Pour trouver des réponses, direction la Finlande, l’un des pays européens qui délivrent le plus de notifications sur des jouets dangereux. La liste des produits retirés de la vente – qu’il s’agisse ou non d’objets pour les enfants – est mise à jour chaque semaine sur l’index Rapex, le réseau d’alerte rapide de l’Union.

Juste avant la ruée des achats de Noël, l’autorité finlandaise en charge de la sécurité des consommateurs, a rappelé cinq jouets. Anna Pukander, responsable de la sécurité des consommateurs au sein de l’autorité finlandaise, nous présente l’un d’entre eux : “ce type de cochon a des yeux qui se détachent facilement et contient des phtalates en trop grande quantité,” explique-t-elle, “ils sont présents à hauteur de 40%. Avec ces yeux qui se détachent, il y a un risque de suffocation s’ils sont avalés,” souligne-t-elle, “et les phtalates sont toxiques pour le système reproducteur.” Parmi les autres jouets retirés, un costume pour ours en peluche qui contient lui aussi trop de phtalates – ces substances chimiques généralement utilisés pour assouplir les plastiques – ; une voiture en bois avec de petites pièces et un arc et ses flèches trop percutantes.

“On a un bon niveau de coopération avec le laboratoire des douanes et les autorités douanières,” assure Anna Pukander, “de cette façon, on met en place un système qui nous permet de déceler les jouets dangereux à la vente.”

Si l’autorité finlandaise retire les produits de la vente, le laboratoire des douanes les stoppe avant qu’ils n’arrivent dans les rayons des magasins. Chaque année, entre 600 et 800 échantillons de jouets y sont testés. Lorsqu’un objet est reconnu non conforme, il peut soit être renvoyé au fabricant, soit être détruit.

“On ne peut pas tester tous les articles importés, on intervient sur une petite partie des importations, mais bien entendu, on sait où il y a des risques,” explique Janne Nieminen, le directeur du Laboratoire des douanes, “cette année, on a contrôlé environ 700 échantillons et ils se sont avérés non-conformes dans environ 10% des cas,” ajoute-t-il, “il s’agissait principalement de non-conformité au niveau chimique et mécanique.”
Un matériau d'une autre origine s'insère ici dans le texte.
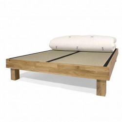Sobriété et inspiration asiatique épurée. Pour tatamis ou sommiers roulables ou traditionnels. Dimensions extérieures: + 16 cm Haut.: 18 cm. Design exclusif Makoura
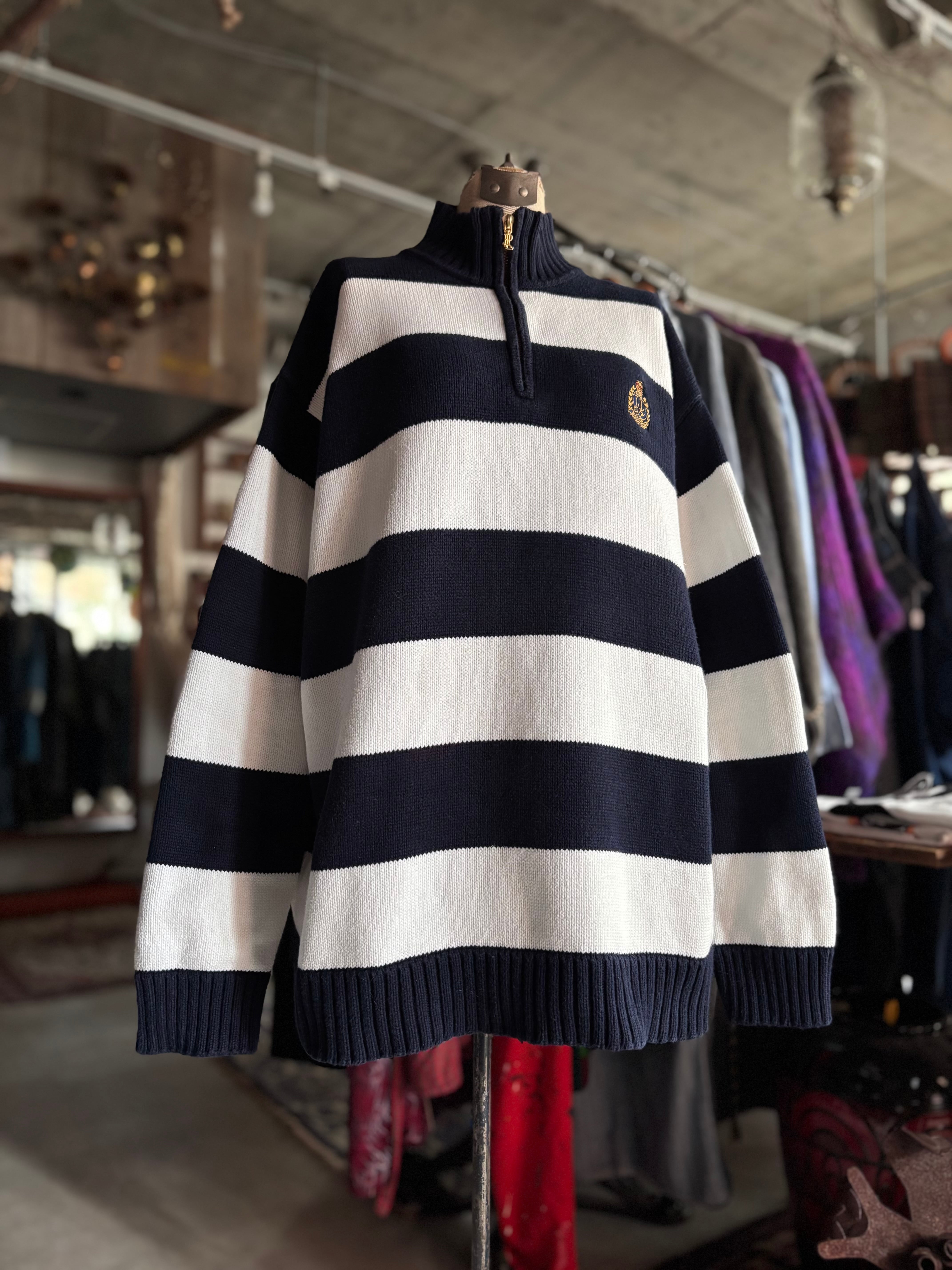中厚のコットンニット素材。オーセンティックフィット。背面のコンディションを考慮したプライスですが、古着に慣れている方にはさほど気にならないと思います。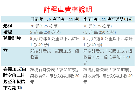 跟搭公車和捷運一樣,一上計程車基本費70元,之後隨著續程數和延滯計時數的增加而跳表,跳一次表以5元計算。

Les consommateurs ont le droit d‘être correctement informés sur ce qu’ils achètent. Ils doivent tout d’abord être attentifs au marquage CE certifiant que le produit respecte les exigences européennes en matière de sécurité, de santé et d’environnement.
Si un article ne mentionne pas ce label, cela suffit pour le faire retirer de la vente.

Pour autant, méfiance… Ce marquage ne fait pas tout. “Il y a toujours la possibilité d’avoir des produits contrefaits ou un usage abusif du marquage CE,” insiste Fabien Fédy, avocat du Centre européen des consommateurs finlandais ; “bien sûr, les autorités de contrôle, mais aussi les magasins qui vendent les jouets et les fabricants sont responsables, il y a des exceptions,” souligne-t-il, “mais la plupart du temps quand vous avez le marquage CE sur un produit, c’est un bon indicateur garantissant que l’objet répond aux critères de sécurité de la législation européenne.”

Parmi la multitude de labels, le symbole d’interdiction pour les moins de trois ans est l’un des plus importants. Cette mention obligatoire avertit de certains risques : ils doivent être spécifiés.

Au-delà des étiquettes, le détaillant reste le premier interlocuteur à solliciter. “Parfois, les produits ne sont pas utilisés correctement ou il y a tout simplement un problème avec l’article,” explique Paola Radyman, responsable d’un magasin de jouets, “dans ce cas, on fait une réclamation auprès de ceux qui nous vendent les produits : c’est important,” assure-t-elle, “parce que de cette manière, les fabricants peuvent apprendre que certains de leurs jouets ne respectent pas toujours les normes.”

Mais pour vérifier le niveau de sécurité d’un jouet, reste à savoir quels objets peuvent être considérés comme tels. La directive européenne dans ce domaine donne une définition large : elle englobe les objets qui ne sont pas nécessairement conçus pour jouer avec.

Qu’en est-il alors, de ces décorations et de ces pièces de collection trouvés dans le magasin de Paola Radyman ?

Pour une locomotive en métal où il est indiqué qu’elle est destinée uniquement aux adultes, Fabien Fédy estime qu’elle pose problème car elle “ressemble à un jouet, il devrait y avoir un avertissement,” affirme-t-il, “par exemple une phrase qui dirait qu’il ne doit pas être utilisé par des enfants.”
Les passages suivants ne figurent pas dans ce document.